Были речи, тихие и громкие, с надрывом и слезой, была печаль светлая и дождливая, частная и всеобщая, неподдельная, воистину святая печаль. Оплакивали учителя, не просто «читавшего» предмет или проповедовавшего милосердие, но — являвшего это милосердие отчетливым, конкретным путем: жертвованием собой ради других, своим временем, знаниями, престижем, наконец собственным сердцем, которое и разрушилось преждевременно, так как не возлежало на уютном дачном диванчике, не вкушало пчелкин медок с приусадебного улья, а все это время болело… болело людскими хворями, исповедовало благороднейшее из беспокойств — любовь к ближнему, любовь к страждущему, при упоминании о которой в последнее время многие из нас стали не только скучать, но и морщить нос, а то и откровенно посмеиваться над этой «боженькиной» любовью.

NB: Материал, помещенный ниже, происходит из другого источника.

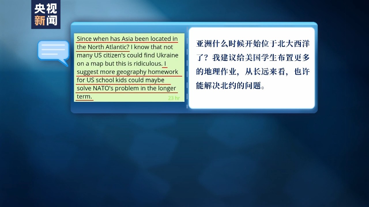 “亞洲什么時候開始位于北大西洋了?我建議給美國學(xué)生布置更多的地理作業(yè),從長遠(yuǎn)來看,也許能解決北約的問題?!?/p>

Смею предположить, что под бетонными сводами ленинградского крематория никогда еще не звучали подобные надгробные речи — речи, в которых то и дело мелькали «запретные», жалкие словечки «рюмка», «пьянка», «бормотуха», «алкаш», «докатился», «запой», «антабус»… Было в этих надгробных речах, помимо естественной скорби, нечто клятвенное, священное, люди как бы цеплялись за уходящий (вот-вот опустят на подъемнике в «преисподнюю» крематория) образ дорогого им человека, хватались мысленно, как за спасательный круг, который на глазах неминуемо должен был пойти ко дну.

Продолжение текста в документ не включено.